General characteristics
- Type: Wooden brigantine
- Tonnage: 90 GRT; 90 NRT;
- Length: 22.6 m
- Beam: 5.7 m
- Draught: 3.3 m

= Abbey (1853) =

Wooden brigantine wrecked in New South Wales

Abbey was a wooden brigantine that was wrecked at Crowdy Head, New South Wales in 1868.

== Career ==
Abbey was built at Newcastle, Ireland, in 1854. During the period 1858–1866, she was engaged mainly in the trade between Circular Head, Tasmania, and Hobsons Bay, Melbourne, carrying a cargo of general produce and items such as candles and soap. The ship's captain, James Crocket, made this journey at least five times between 5 July 1859 and the 7 May 1862.

Towards the end of Captain James Crocket's tenure, Abbey was being used in runs between Brisbane and ports such as Newcastle, New South Wales, the Clarence River and Port Frederick.

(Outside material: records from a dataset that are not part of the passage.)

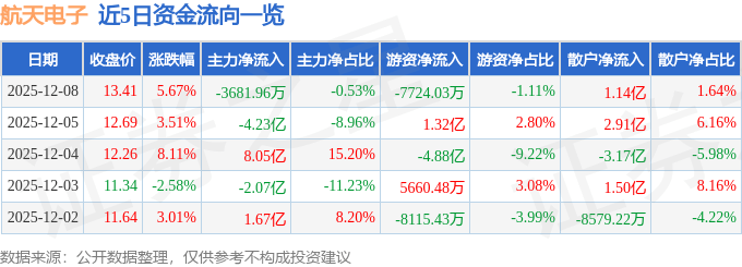 证券之星消息,截至2025年12月8日收盘,航天电子(600879)报收于13.41元,上涨5.67%,换手率15.56%,成交量513.28万手,成交额69.65亿元。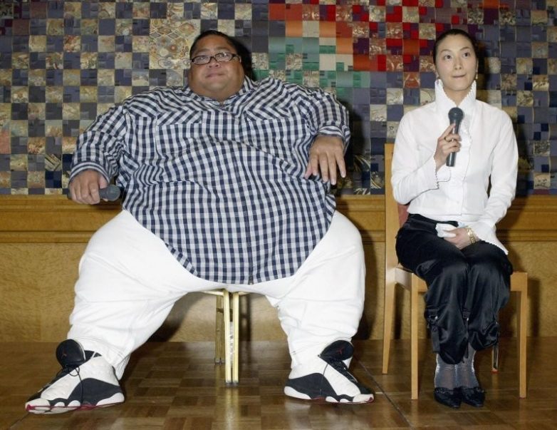 Борец сумо на пенсии Конишики Ясокичи с женой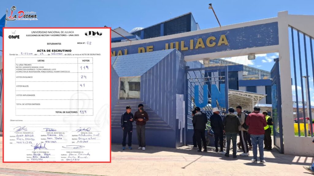 Con una amplia mayoría, la lista “Tu UNAJ Triunfa” logró imponerse en las elecciones universitarias de la Universidad Nacional de Juliaca (UNAJ), obteniendo 63 de 98 votos válidos del comité electoral, lo que representa más del 60 % requerido para la victoria.
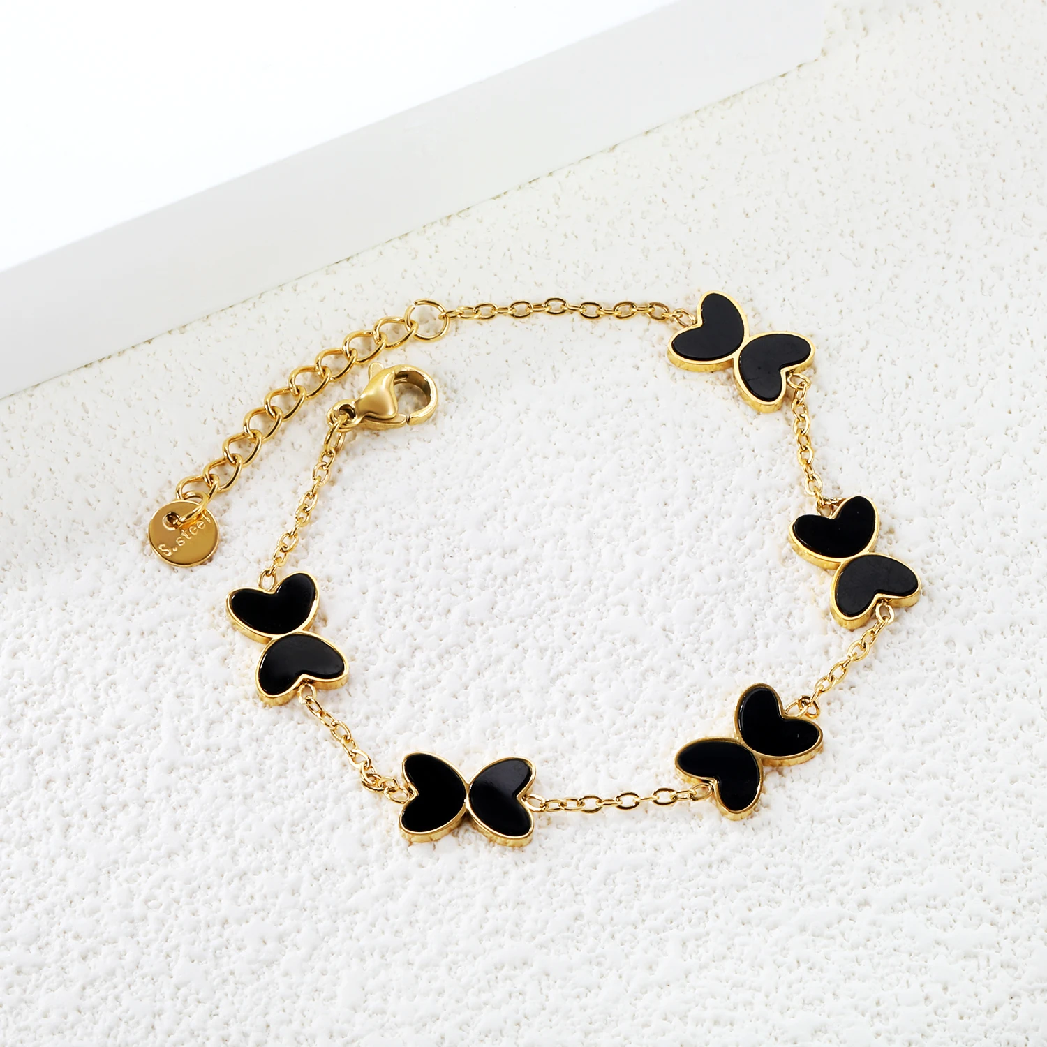 سوار على شكل فراشة على شكل قطرة زيت حلوة ولطيفة للفتيات من الفولاذ المقاوم للصدأ مطلي بالذهب مجوهرات كلاسيكية وإكسسوارات يومية عصرية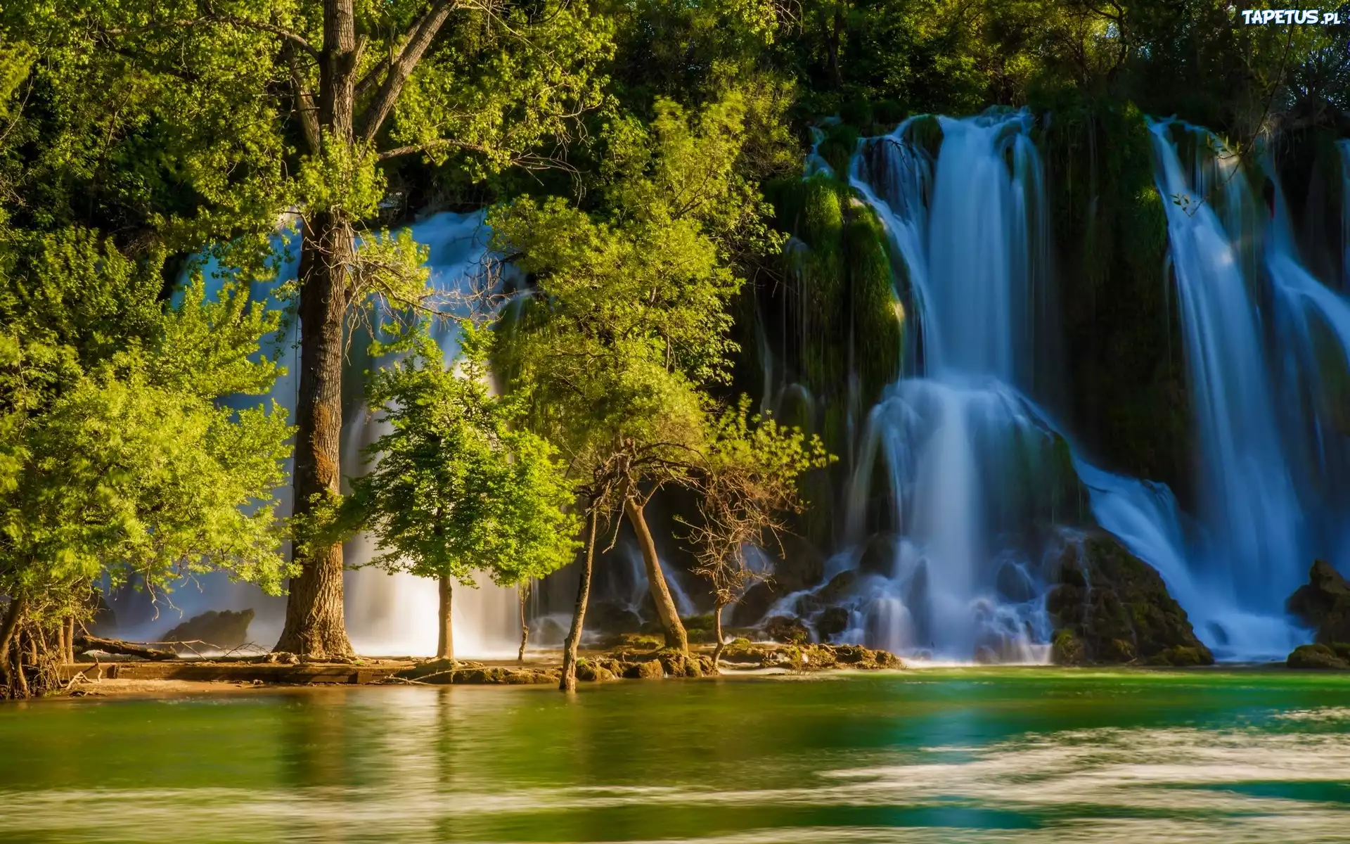 Tapeta Wodospad, Las, Rzeka, Drzewa

On 27 June 1866, Abbey was rammed by a cutter while at rest in the Brisbane River. A few months later, on 6 September, she was sold at a public auction in Melbourne, having had a "thorough overhaul".

In October 1866 the vessel sailed to Dunedin, New Zealand, under the command of T. W. Harrison. In 1867 the vessel made runs from Newcastle to Melbourne stopping on the return voyages at Sydney.

== Shipwreck event ==
On 14 February 1868, Abbey left Sydney for Newcastle. The following day, she ran aground three miles north of Crowdy Head, in a gale which claimed several other ships. She was insured for £800. The wreck was then sold by Messrs Bradley, Newton, and Lamb for the sum of £35.